# Super Mario 64 or Sonic Adventure



## androidmuppet (Sep 7, 2013)

What was the better game thats a 3D platformer that was a launch title.


----------



## Badalight (Sep 7, 2013)

...I don't think even the biggest sonic fanboy will say Sonic Adventure was a better game. Mario 64 is a classic.

That being said, I do actually really enjoy Sonic Adventure, and still hold it to be one of the best 3d sonic games to date (despite some god awful segments like big, and terrible lip synching).


----------



## Xyloxi (Sep 7, 2013)

Mario 64 was a better game, but I personally enjoyed Sonic Adventure more due to my own preferences. The lip syncing was annoying, what with Sonic looking like he had a twitch every time he spoke, but it was cool to actually hear him speak.


----------



## 8-Peacock-8 (Sep 7, 2013)

Mario 64 for me. I enjoyed it more and it honestly held up a lot better.


----------



## KLoWn (Sep 8, 2013)

Mario 64 EASILY.


----------



## Firestormer (Sep 8, 2013)

Mario 64


----------



## Monna (Sep 8, 2013)

They are two very different games. Mario 64 is more polished though so I'll go with that.


----------



## Xyloxi (Sep 8, 2013)

Mario seems to be more suited for 3D than Sonic, as the fast paced elements of the original 2D Sonic games on the Mega Drive never really transitioned that well into the 3D Sonic games.


----------



## Stumpy (Sep 8, 2013)

Sonic Adventure is an abomination. It does NOT hold up.


----------



## Deathbringerpt (Sep 8, 2013)

The thing is that Sonic Adventure left a bigger impression on me while knowing nowadays that 64 is the better game. But yeah, I definitely had more fun with Sonic Adventure.


----------



## Stunna (Sep 8, 2013)

Sonic Adventure was one of my favorite games growing up. But man does it have some huge problems.

Mario 64.


----------



## God Movement (Sep 8, 2013)

64        .


----------



## Akira Kurusu (Sep 8, 2013)

Stunna said:


> Sonic Adventure was one of my favorite games growing up. But man does it have some huge problems.
> 
> Mario 64.



This. I still have fun with SA1 a lot, but it's hard to overlook it's unpolished parts of the entire game.


----------



## Unlosing Ranger (Sep 8, 2013)

Mario 64.
You're asking which is the better platformer and it's that.


----------



## Stunna (Sep 8, 2013)

Xyloxi said:


> Mario seems to be more suited for 3D than Sonic, as the fast paced elements of the original 2D Sonic games on the Mega Drive never really transitioned that well into the 3D Sonic games.

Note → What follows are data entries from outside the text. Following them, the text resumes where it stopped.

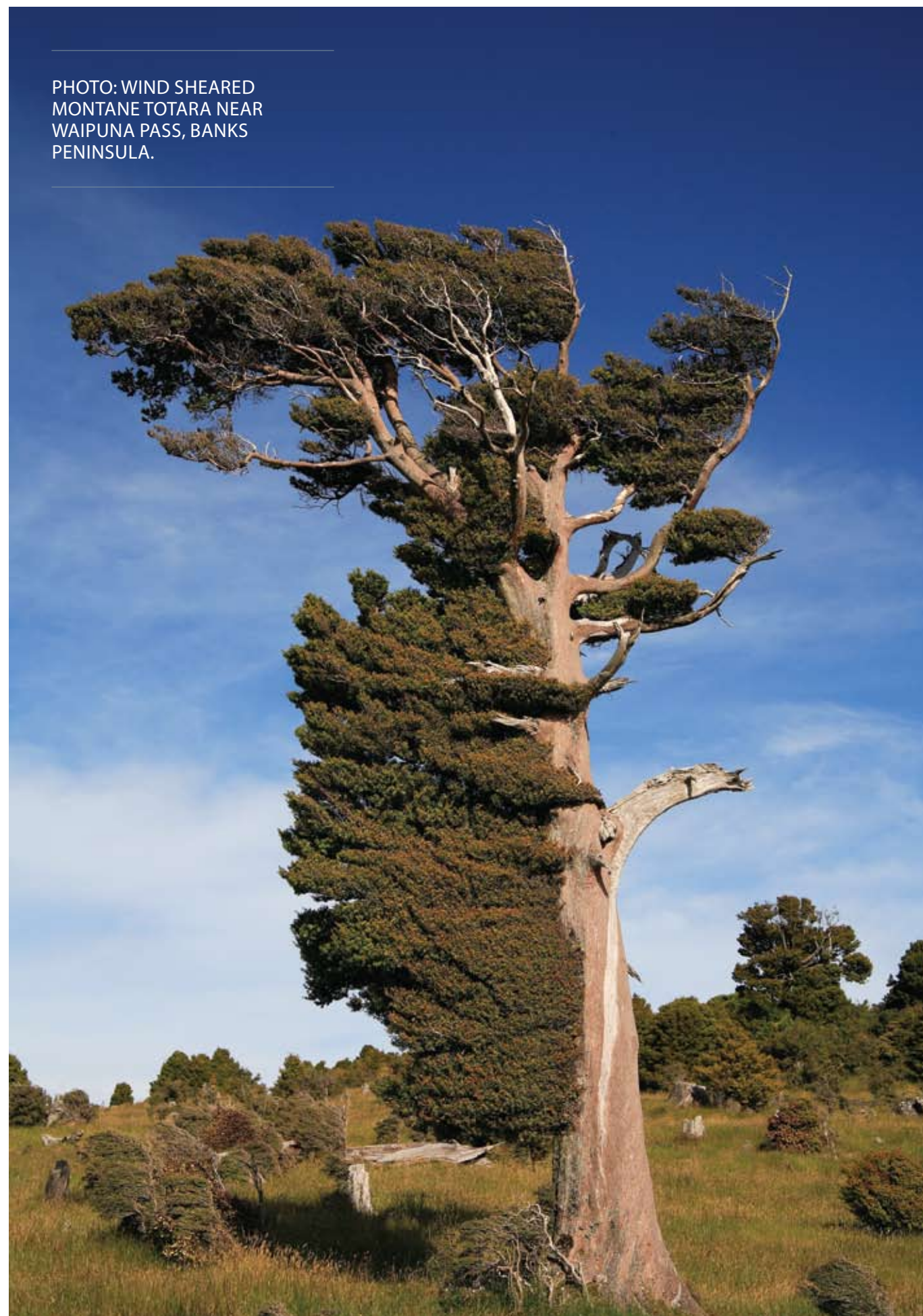
PHOTO: WIND SHEARED MONTANE TOTARA NEAR WAIPUNA PASS, BANKS PENINSULA.
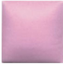
NEW! SN 369 Wisteria
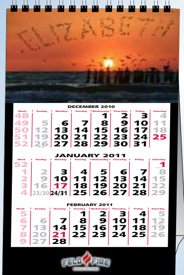
I-V1 12 Images 5.5" x 8.5"
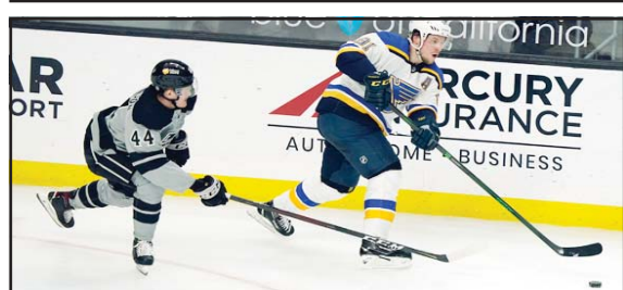
St. Louis Blues right wing Vladimir Tarasenko (right), passes in front of Los Angeles Kings defenseman Mikey Anderson (44) during the second period of an NHL hockey game, March 6, in Los Angeles.
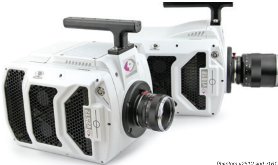
Phantom v2512 and v1612

For the most current version visit www.phantomhighspeed.com Subject to change Rev June 2017
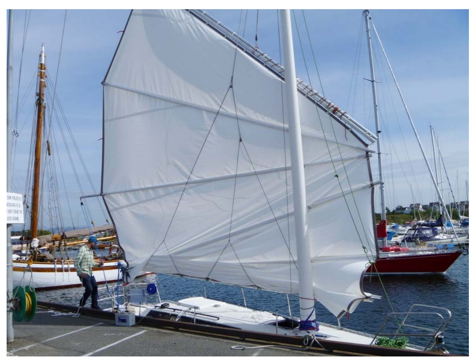
.. 3.5 panels up - looking far from tidy, but still boosting out spirits...

tied to the boom. Finally the halyard could be eased and with the lazyjacks doing their job, the yard could be brought on board and tied to the head of the sail. The halyard block of the 3-part halyard was just tied to the yard: No drilling of holes should be done in this high-load spot of the yard. The position of this slingpoint has later been shifted back and forth a bit.
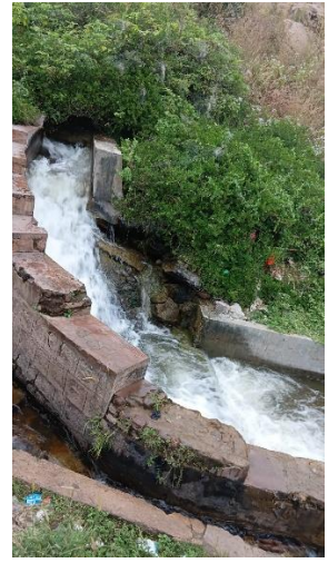
Water flowing out of Thonnur Kere for irrigation

Adjoining the Thonnur Kere is Magnificent Large Statue of Shri Ramanajacharya, the great Vaishnava saint has been installed and surrounded by a beautiful garden. . According to historians, in the 12 th century, the great Vaishnava saint, Sri Ramanujacharya lived here for 14 years and thus Melukote has become a spiritual centre for Vaishnavites. Shri Ramanujacharya's spiritual impact was quite impressive that he could convert the contemporary Jain King Bittideva into Vaishnavism and renamed him as King Vishnuvardhana who constructed the world famous Lord Chennakeshava Temple in Belur known for its intricate and delicate carvings. Vasihnavites were hounded out adjoining Tamil Kingdom of Cholas who were staunch Saivites ( Devotees of Lord Shiva ), and thus Shri Ramanujacharya took refuge in Karnataka at Melukote.

The Hedgehog Engine says "hi".


----------



## Bioness (Sep 8, 2013)

Super Mario 64 for me.

[YOUTUBE]DTzs9bcNgMQ[/YOUTUBE]


----------



## Patchouli (Sep 8, 2013)

Never played either, but I can say Banjo is better than both of them.


----------



## First Tsurugi (Sep 8, 2013)

Sonic Adventure is inferior to Sonic Adventure 2, both of which are far inferior to Super Mario 64.


----------



## Stunna (Sep 8, 2013)

Sonic Adventure 2 shares one of Adventure's biggest flaws though. Plus it's story makes even less sense.


----------



## 8-Peacock-8 (Sep 8, 2013)

Adventure 2 was still better.


----------



## Stunna (Sep 8, 2013)

Eh, I guessss


----------



## Drunkenwhale (Sep 8, 2013)

No doubt Mario 64 was better.

Not so much platforming in that game as opposed to the sequels, but compared to Sonic Adventure yeah still the better platformer.


----------



## TheWon (Sep 9, 2013)

64 it started it all!


----------



## Monna (Sep 10, 2013)

Stunna said:


> The Hedgehog Engine says "hi".


The Hedgehog Engine is freaking awful and marked the death of Sonic for me. The addition of speed boosts and drifting killed 3D Sonic more than 06 ever did.


----------



## Palpatine (Sep 10, 2013)

SM64 all the way. Still one of my all time favorites.


----------



## Inuhanyou (Sep 10, 2013)

I played the shit outta sonic adventure back in the day.

That being said, Sonic Adventure has no place in this discussion. It was a bad game, our retarded childhood minds and continuing nostalgia factor only made it seem good.

The discussion should be between Super Mario 64 and Crash Bandicoot


----------



## Ultimania (Sep 10, 2013)

Super Mario 64 for sure. Even though I think that Sonic is better than Mario when it comes to 2D, the plumber wins when it comes to 3D.


----------



## Stunna (Sep 10, 2013)

Jane Crocker said:


> The Hedgehog Engine is freaking awful and marked the death of Sonic for me. The addition of speed boosts and drifting killed 3D Sonic more than 06 ever did.


You're probably just bad at it.

Generations is the pinnacle of 3D Sonic gameplay.


----------